Provided information section start
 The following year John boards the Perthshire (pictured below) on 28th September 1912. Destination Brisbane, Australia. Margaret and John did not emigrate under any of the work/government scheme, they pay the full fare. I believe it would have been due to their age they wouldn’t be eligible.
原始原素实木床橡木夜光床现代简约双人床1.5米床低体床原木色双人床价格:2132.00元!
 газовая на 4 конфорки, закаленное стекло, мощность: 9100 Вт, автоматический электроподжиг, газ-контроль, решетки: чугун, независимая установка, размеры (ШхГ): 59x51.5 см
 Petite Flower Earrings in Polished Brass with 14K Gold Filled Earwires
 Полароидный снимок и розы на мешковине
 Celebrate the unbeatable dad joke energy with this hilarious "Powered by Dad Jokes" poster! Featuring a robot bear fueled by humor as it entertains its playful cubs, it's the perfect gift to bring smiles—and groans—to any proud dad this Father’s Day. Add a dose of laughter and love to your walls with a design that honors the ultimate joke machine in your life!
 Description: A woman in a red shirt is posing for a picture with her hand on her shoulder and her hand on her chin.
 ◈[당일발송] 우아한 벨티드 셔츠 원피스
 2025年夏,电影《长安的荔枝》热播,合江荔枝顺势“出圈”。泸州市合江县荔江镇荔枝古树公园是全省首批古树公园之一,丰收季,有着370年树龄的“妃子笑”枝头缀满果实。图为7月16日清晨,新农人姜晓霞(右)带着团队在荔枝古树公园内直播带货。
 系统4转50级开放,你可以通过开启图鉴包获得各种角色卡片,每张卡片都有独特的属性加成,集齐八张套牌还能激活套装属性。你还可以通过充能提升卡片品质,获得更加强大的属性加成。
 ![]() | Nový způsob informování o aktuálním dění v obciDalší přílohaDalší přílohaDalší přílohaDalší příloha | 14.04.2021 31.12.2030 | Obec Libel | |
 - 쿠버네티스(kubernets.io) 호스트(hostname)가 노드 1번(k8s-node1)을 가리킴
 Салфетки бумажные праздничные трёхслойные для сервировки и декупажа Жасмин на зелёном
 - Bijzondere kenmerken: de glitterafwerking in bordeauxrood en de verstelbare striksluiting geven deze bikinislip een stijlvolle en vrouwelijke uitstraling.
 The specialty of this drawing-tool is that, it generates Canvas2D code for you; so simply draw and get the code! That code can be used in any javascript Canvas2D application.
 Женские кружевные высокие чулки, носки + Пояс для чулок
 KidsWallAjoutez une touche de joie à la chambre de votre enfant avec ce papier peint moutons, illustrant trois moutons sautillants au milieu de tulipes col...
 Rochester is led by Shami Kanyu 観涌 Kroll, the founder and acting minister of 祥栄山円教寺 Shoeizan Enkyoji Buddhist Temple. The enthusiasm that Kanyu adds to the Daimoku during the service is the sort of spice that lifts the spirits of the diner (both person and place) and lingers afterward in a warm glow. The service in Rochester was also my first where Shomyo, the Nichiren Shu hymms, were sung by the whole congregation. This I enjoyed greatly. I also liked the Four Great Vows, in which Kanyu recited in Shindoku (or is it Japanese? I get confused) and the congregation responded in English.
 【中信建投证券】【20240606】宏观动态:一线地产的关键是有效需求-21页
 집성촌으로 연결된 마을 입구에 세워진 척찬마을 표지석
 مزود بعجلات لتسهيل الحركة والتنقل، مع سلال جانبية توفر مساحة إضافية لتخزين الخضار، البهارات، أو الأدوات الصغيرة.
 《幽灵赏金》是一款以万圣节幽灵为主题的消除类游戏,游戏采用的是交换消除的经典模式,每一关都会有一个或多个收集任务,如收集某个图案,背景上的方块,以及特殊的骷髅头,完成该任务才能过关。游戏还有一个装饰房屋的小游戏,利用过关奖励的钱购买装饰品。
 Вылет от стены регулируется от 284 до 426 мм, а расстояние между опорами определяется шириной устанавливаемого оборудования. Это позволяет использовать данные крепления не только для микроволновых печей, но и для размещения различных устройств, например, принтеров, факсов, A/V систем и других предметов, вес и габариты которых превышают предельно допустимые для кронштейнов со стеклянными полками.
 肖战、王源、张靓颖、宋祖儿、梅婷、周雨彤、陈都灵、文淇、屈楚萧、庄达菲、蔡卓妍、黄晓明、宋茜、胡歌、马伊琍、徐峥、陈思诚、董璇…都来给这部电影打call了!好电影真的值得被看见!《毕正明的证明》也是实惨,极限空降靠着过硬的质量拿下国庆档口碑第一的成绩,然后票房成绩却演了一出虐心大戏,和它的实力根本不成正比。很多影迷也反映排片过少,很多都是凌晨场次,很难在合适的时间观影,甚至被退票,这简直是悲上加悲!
Provided information section end
**What is needed:** Go through the listing above and write out exactly the lines starting with the one holding "газовая на 4" and running through the one holding "Женские кружевные высокие", ends included, and no others.

**Task answer:**
 газовая на 4 конфорки, закаленное стекло, мощность: 9100 Вт, автоматический электроподжиг, газ-контроль, решетки: чугун, независимая установка, размеры (ШхГ): 59x51.5 см
 Petite Flower Earrings in Polished Brass with 14K Gold Filled Earwires
 Полароидный снимок и розы на мешковине
 Celebrate the unbeatable dad joke energy with this hilarious "Powered by Dad Jokes" poster! Featuring a robot bear fueled by humor as it entertains its playful cubs, it's the perfect gift to bring smiles—and groans—to any proud dad this Father’s Day. Add a dose of laughter and love to your walls with a design that honors the ultimate joke machine in your life!
 Description: A woman in a red shirt is posing for a picture with her hand on her shoulder and her hand on her chin.
 ◈[당일발송] 우아한 벨티드 셔츠 원피스
 2025年夏,电影《长安的荔枝》热播,合江荔枝顺势“出圈”。泸州市合江县荔江镇荔枝古树公园是全省首批古树公园之一,丰收季,有着370年树龄的“妃子笑”枝头缀满果实。图为7月16日清晨,新农人姜晓霞(右)带着团队在荔枝古树公园内直播带货。
 系统4转50级开放,你可以通过开启图鉴包获得各种角色卡片,每张卡片都有独特的属性加成,集齐八张套牌还能激活套装属性。你还可以通过充能提升卡片品质,获得更加强大的属性加成。
 ![]() | Nový způsob informování o aktuálním dění v obciDalší přílohaDalší přílohaDalší přílohaDalší příloha | 14.04.2021 31.12.2030 | Obec Libel | |
 - 쿠버네티스(kubernets.io) 호스트(hostname)가 노드 1번(k8s-node1)을 가리킴
 Салфетки бумажные праздничные трёхслойные для сервировки и декупажа Жасмин на зелёном
 - Bijzondere kenmerken: de glitterafwerking in bordeauxrood en de verstelbare striksluiting geven deze bikinislip een stijlvolle en vrouwelijke uitstraling.
 The specialty of this drawing-tool is that, it generates Canvas2D code for you; so simply draw and get the code! That code can be used in any javascript Canvas2D application.
 Женские кружевные высокие чулки, носки + Пояс для чулок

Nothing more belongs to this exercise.